# TASK PROMPT:
Would you return the records below character for character, without any images?

Data records

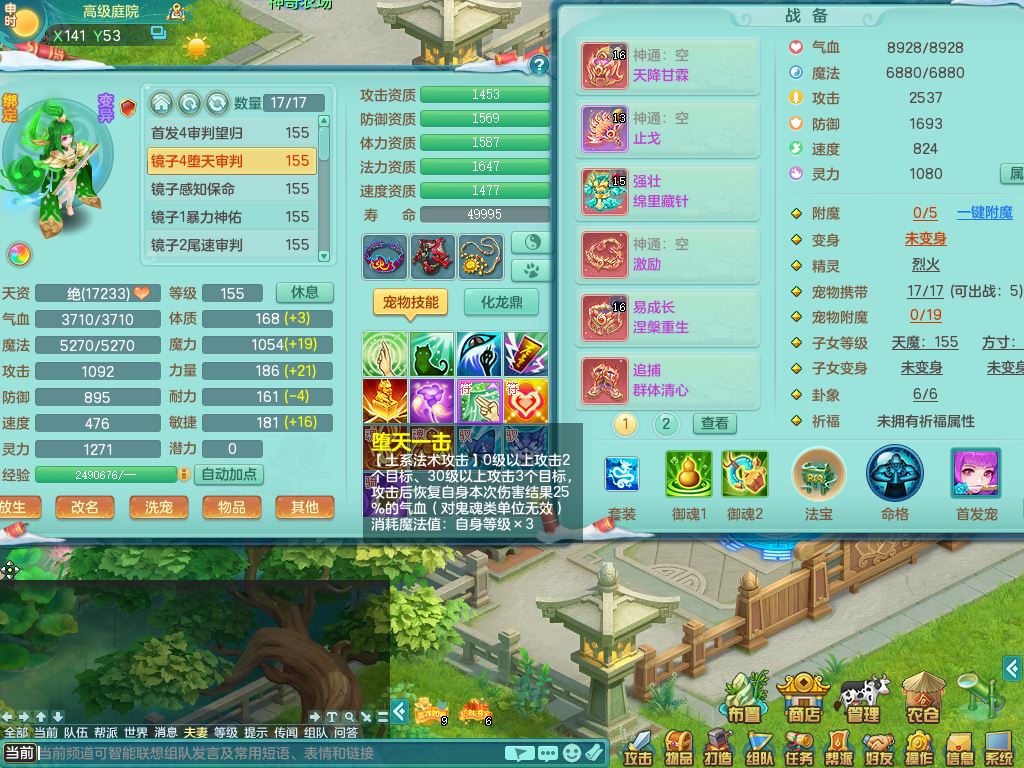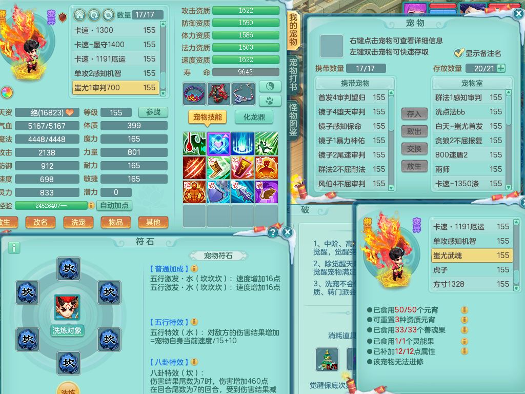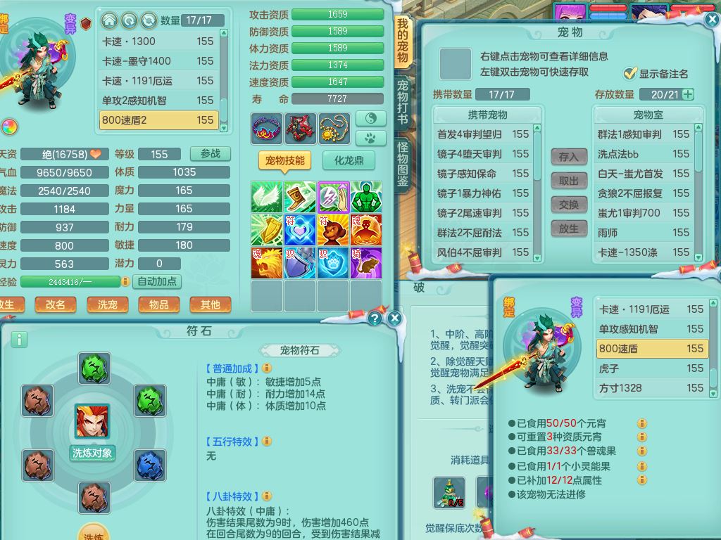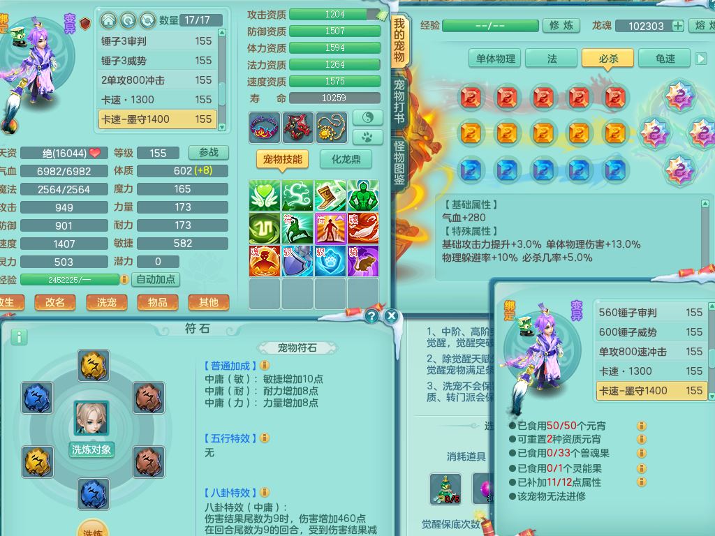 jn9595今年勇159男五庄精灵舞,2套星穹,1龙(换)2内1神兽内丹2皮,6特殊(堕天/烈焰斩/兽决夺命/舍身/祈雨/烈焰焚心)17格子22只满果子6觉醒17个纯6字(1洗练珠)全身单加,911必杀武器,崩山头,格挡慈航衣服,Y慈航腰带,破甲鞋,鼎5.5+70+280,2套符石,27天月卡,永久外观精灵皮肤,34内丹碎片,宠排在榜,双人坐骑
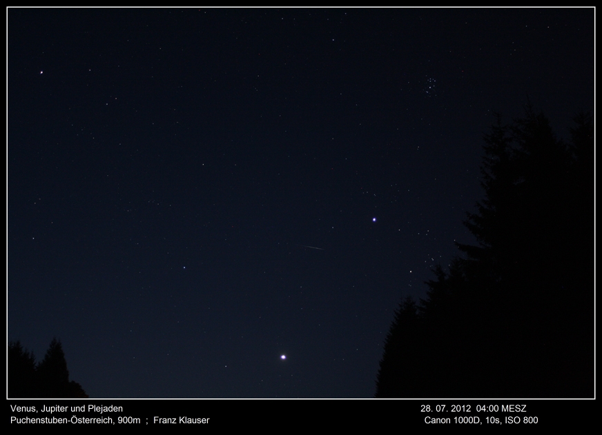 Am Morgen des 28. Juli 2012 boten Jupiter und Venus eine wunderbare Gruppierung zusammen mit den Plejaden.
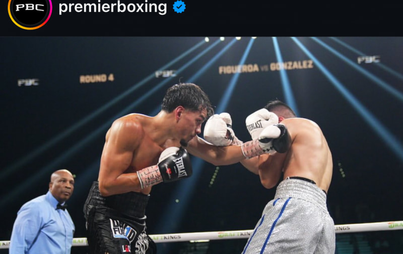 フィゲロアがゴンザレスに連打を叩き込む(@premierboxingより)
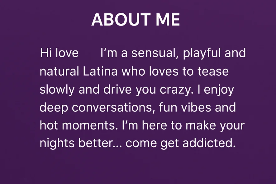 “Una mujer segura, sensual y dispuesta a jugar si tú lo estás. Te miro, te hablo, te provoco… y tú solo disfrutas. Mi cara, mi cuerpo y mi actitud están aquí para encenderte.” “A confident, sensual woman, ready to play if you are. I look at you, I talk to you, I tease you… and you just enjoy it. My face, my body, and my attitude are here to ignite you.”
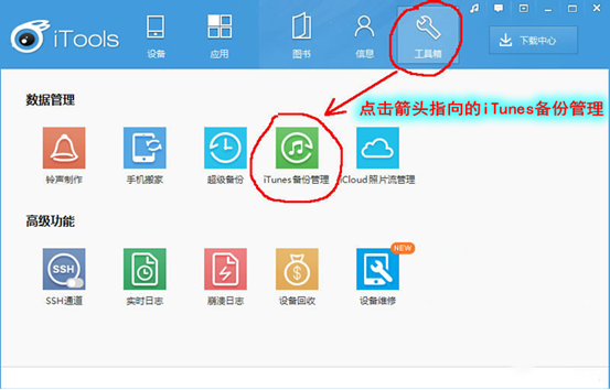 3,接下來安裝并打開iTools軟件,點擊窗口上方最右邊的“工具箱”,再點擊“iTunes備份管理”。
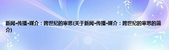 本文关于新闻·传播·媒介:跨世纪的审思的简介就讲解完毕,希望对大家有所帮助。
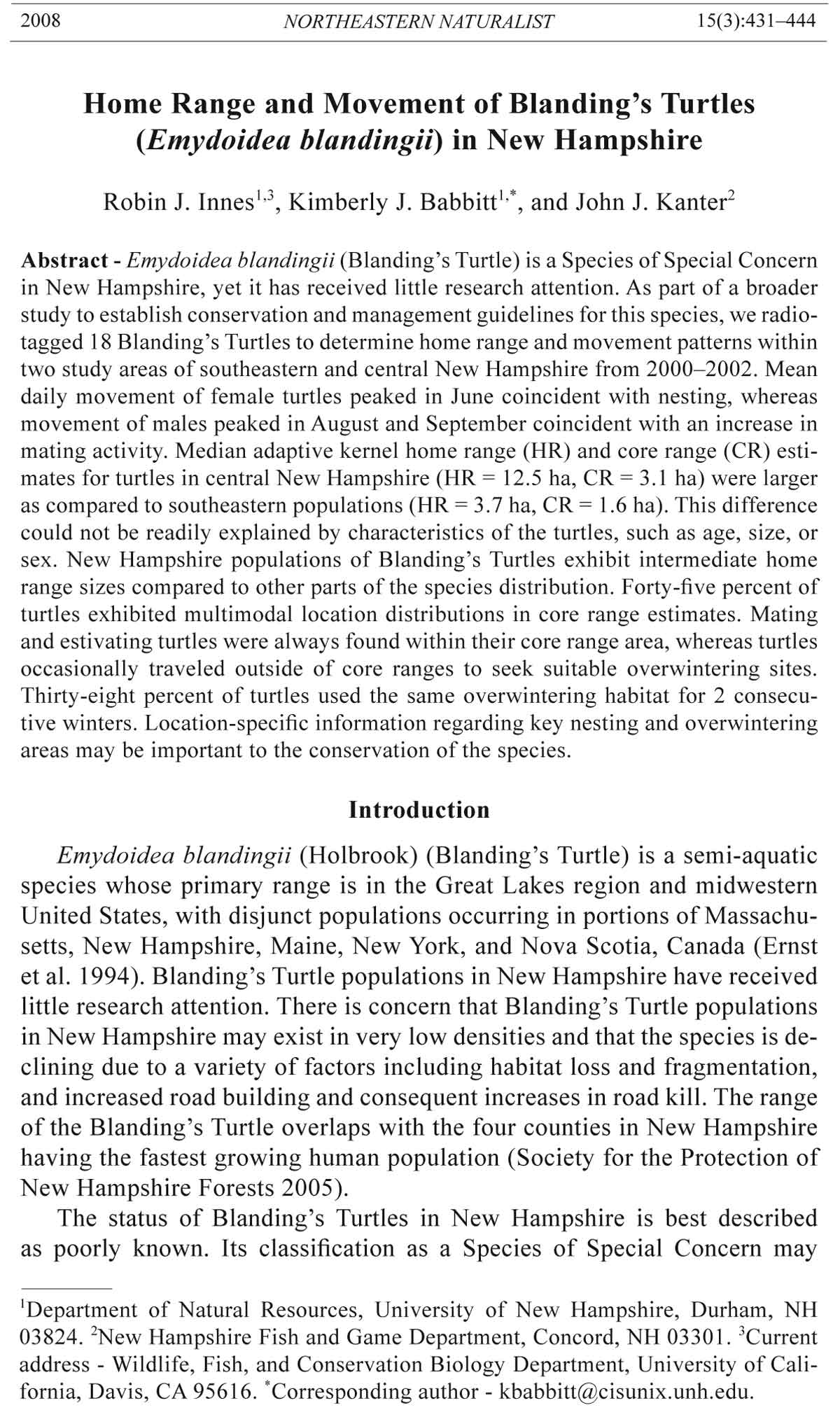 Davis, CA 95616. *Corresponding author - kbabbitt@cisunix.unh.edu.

# WRITTEN ANSWER:
 jn9595今年勇159男五庄精灵舞,2套星穹,1龙(换)2内1神兽内丹2皮,6特殊(堕天/烈焰斩/兽决夺命/舍身/祈雨/烈焰焚心)17格子22只满果子6觉醒17个纯6字(1洗练珠)全身单加,911必杀武器,崩山头,格挡慈航衣服,Y慈航腰带,破甲鞋,鼎5.5+70+280,2套符石,27天月卡,永久外观精灵皮肤,34内丹碎片,宠排在榜,双人坐骑
 Am Morgen des 28. Juli 2012 boten Jupiter und Venus eine wunderbare Gruppierung zusammen mit den Plejaden.
 フィゲロアがゴンザレスに連打を叩き込む(@premierboxingより)
 “Una mujer segura, sensual y dispuesta a jugar si tú lo estás. Te miro, te hablo, te provoco… y tú solo disfrutas. Mi cara, mi cuerpo y mi actitud están aquí para encenderte.” “A confident, sensual woman, ready to play if you are. I look at you, I talk to you, I tease you… and you just enjoy it. My face, my body, and my attitude are here to ignite you.”
 3,接下來安裝并打開iTools軟件,點擊窗口上方最右邊的“工具箱”,再點擊“iTunes備份管理”。
 本文关于新闻·传播·媒介:跨世纪的审思的简介就讲解完毕,希望对大家有所帮助。
 Davis, CA 95616. *Corresponding author - kbabbitt@cisunix.unh.edu.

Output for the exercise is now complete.